**SOURCE RECORDS**
═══

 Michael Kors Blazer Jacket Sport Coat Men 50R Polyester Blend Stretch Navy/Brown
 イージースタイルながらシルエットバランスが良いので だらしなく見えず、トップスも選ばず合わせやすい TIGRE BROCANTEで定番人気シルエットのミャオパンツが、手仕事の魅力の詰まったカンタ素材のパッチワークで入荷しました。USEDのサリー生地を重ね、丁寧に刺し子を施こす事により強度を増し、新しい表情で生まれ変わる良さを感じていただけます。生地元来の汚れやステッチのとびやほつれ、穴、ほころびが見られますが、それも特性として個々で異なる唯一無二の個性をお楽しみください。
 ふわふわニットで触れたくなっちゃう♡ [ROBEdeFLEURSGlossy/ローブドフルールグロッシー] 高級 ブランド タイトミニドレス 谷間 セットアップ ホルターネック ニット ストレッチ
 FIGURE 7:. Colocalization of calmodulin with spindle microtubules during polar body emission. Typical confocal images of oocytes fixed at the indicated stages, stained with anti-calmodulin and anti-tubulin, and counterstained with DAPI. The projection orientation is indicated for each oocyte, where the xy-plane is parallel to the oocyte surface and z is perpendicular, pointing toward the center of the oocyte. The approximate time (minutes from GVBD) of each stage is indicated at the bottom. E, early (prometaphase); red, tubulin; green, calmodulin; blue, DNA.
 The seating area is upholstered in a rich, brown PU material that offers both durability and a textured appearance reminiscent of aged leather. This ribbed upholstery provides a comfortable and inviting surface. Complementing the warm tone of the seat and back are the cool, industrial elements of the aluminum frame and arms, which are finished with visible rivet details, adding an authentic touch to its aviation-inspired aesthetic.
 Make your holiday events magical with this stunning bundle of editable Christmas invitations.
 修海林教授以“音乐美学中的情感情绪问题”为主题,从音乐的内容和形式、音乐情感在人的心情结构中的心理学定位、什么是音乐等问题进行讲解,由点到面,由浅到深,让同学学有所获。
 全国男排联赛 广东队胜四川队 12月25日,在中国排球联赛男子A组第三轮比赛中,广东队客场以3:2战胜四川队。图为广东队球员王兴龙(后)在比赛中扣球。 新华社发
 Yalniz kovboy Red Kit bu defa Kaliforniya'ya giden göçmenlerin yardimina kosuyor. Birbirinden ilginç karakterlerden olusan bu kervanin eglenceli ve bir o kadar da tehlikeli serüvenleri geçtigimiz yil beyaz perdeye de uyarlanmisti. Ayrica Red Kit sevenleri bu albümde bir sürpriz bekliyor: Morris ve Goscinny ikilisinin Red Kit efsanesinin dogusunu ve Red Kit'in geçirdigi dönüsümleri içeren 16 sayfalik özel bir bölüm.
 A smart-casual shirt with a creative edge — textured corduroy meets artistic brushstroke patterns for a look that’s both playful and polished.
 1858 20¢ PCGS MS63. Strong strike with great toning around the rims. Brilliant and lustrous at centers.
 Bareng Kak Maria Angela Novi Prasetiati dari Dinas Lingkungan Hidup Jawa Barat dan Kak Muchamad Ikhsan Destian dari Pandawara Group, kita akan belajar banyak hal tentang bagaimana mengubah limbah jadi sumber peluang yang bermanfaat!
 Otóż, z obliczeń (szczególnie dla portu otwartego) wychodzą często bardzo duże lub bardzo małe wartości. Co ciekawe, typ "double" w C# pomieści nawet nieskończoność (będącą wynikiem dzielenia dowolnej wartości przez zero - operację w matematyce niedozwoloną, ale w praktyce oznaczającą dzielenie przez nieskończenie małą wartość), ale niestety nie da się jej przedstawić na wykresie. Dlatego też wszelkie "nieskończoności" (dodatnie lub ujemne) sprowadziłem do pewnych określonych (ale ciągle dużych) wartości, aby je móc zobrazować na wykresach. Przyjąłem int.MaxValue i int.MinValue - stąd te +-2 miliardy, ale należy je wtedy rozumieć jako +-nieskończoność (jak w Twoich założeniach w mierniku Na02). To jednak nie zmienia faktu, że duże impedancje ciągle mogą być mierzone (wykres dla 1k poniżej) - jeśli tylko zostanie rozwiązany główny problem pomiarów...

═══

**TASK STATEMENT**
Write out, please, all of the material above exactly as written.

**TASK OUTPUT**
 Michael Kors Blazer Jacket Sport Coat Men 50R Polyester Blend Stretch Navy/Brown
 イージースタイルながらシルエットバランスが良いので だらしなく見えず、トップスも選ばず合わせやすい TIGRE BROCANTEで定番人気シルエットのミャオパンツが、手仕事の魅力の詰まったカンタ素材のパッチワークで入荷しました。USEDのサリー生地を重ね、丁寧に刺し子を施こす事により強度を増し、新しい表情で生まれ変わる良さを感じていただけます。生地元来の汚れやステッチのとびやほつれ、穴、ほころびが見られますが、それも特性として個々で異なる唯一無二の個性をお楽しみください。
 ふわふわニットで触れたくなっちゃう♡ [ROBEdeFLEURSGlossy/ローブドフルールグロッシー] 高級 ブランド タイトミニドレス 谷間 セットアップ ホルターネック ニット ストレッチ
 FIGURE 7:. Colocalization of calmodulin with spindle microtubules during polar body emission. Typical confocal images of oocytes fixed at the indicated stages, stained with anti-calmodulin and anti-tubulin, and counterstained with DAPI. The projection orientation is indicated for each oocyte, where the xy-plane is parallel to the oocyte surface and z is perpendicular, pointing toward the center of the oocyte. The approximate time (minutes from GVBD) of each stage is indicated at the bottom. E, early (prometaphase); red, tubulin; green, calmodulin; blue, DNA.
 The seating area is upholstered in a rich, brown PU material that offers both durability and a textured appearance reminiscent of aged leather. This ribbed upholstery provides a comfortable and inviting surface. Complementing the warm tone of the seat and back are the cool, industrial elements of the aluminum frame and arms, which are finished with visible rivet details, adding an authentic touch to its aviation-inspired aesthetic.
 Make your holiday events magical with this stunning bundle of editable Christmas invitations.
 修海林教授以“音乐美学中的情感情绪问题”为主题,从音乐的内容和形式、音乐情感在人的心情结构中的心理学定位、什么是音乐等问题进行讲解,由点到面,由浅到深,让同学学有所获。
 全国男排联赛 广东队胜四川队 12月25日,在中国排球联赛男子A组第三轮比赛中,广东队客场以3:2战胜四川队。图为广东队球员王兴龙(后)在比赛中扣球。 新华社发
 Yalniz kovboy Red Kit bu defa Kaliforniya'ya giden göçmenlerin yardimina kosuyor. Birbirinden ilginç karakterlerden olusan bu kervanin eglenceli ve bir o kadar da tehlikeli serüvenleri geçtigimiz yil beyaz perdeye de uyarlanmisti. Ayrica Red Kit sevenleri bu albümde bir sürpriz bekliyor: Morris ve Goscinny ikilisinin Red Kit efsanesinin dogusunu ve Red Kit'in geçirdigi dönüsümleri içeren 16 sayfalik özel bir bölüm.
 A smart-casual shirt with a creative edge — textured corduroy meets artistic brushstroke patterns for a look that’s both playful and polished.
 1858 20¢ PCGS MS63. Strong strike with great toning around the rims. Brilliant and lustrous at centers.
 Bareng Kak Maria Angela Novi Prasetiati dari Dinas Lingkungan Hidup Jawa Barat dan Kak Muchamad Ikhsan Destian dari Pandawara Group, kita akan belajar banyak hal tentang bagaimana mengubah limbah jadi sumber peluang yang bermanfaat!
 Otóż, z obliczeń (szczególnie dla portu otwartego) wychodzą często bardzo duże lub bardzo małe wartości. Co ciekawe, typ "double" w C# pomieści nawet nieskończoność (będącą wynikiem dzielenia dowolnej wartości przez zero - operację w matematyce niedozwoloną, ale w praktyce oznaczającą dzielenie przez nieskończenie małą wartość), ale niestety nie da się jej przedstawić na wykresie. Dlatego też wszelkie "nieskończoności" (dodatnie lub ujemne) sprowadziłem do pewnych określonych (ale ciągle dużych) wartości, aby je móc zobrazować na wykresach. Przyjąłem int.MaxValue i int.MinValue - stąd te +-2 miliardy, ale należy je wtedy rozumieć jako +-nieskończoność (jak w Twoich założeniach w mierniku Na02). To jednak nie zmienia faktu, że duże impedancje ciągle mogą być mierzone (wykres dla 1k poniżej) - jeśli tylko zostanie rozwiązany główny problem pomiarów...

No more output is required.